The dark period is almost over. Tomorrow the sun will shine a little brighter and the birds singing will sound just a little bit sweeter. Tomorrow at 7 PM muscle bound men of enormous size will smash into each other in an attempt to possess an oblong spheroid as many times as possible while in a 10 by 53.3 yard painted piece of turf.
Grown men will paint their faces and wear jerseys with other men’s names on them. The will grill animal flesh and drunk ice-cold beverages made up of fermented barley. Some will invade other cities like a mongol horde just to watch in person, while their warriors compete on Sunday afternoons.
Tomorrow the NFL football season officially begins. The New Orleans Saints will take on the Arizona Cardinals in the Hall of Fame Game in Canton, Ohio. Preseason football will begin and men all across the country can stop pretending they like to watch golf and tennis on television.
It is time to start preparing for fantasy league glory. It is time to clean out the tailgating grill and make sure the cooler has no leaks in it. The start of preseason football means that real NFL football is right around the corner.
Wives and girlfriends are getting ready to lose their men for the fall.
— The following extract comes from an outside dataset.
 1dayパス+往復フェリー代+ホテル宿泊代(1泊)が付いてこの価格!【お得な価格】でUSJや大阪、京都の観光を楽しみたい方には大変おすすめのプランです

Everyone’s attention is about to switch from who the next president is going to be, to who the starting quarterback for the Jets is going to be.
Is Robert Griffin III going to lead the Redskins to the playoffs? Is Andrew Luck going to make Coby Fleener his Dallas Clark? Is Tony Romo ever going to have a running game behind him? All of these questions will be answered, and it all starts tomorrow night.
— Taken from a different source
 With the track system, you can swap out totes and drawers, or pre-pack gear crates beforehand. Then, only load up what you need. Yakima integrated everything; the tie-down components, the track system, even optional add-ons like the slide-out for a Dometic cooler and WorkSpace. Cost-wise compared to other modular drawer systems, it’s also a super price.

It is a season of new hope for all football fans. Everyone is undefeated and has an equal chance at winning the Super Bowl. It is time to get excited if you are a football fan, because it all begins tomorrow.
No more staring blankly out your window while counting down the days until the start of training camp. No more feigning interest in your significant others’ latest attempt to redesign the living room.
The real games will not start for another month but that does not matter. People wearing football pads will smash into each other and someone will be keeping the score. On Monday morning you can discuss the game with your coworkers around the water cooler. It is football time, and we all know that is the best time of the year.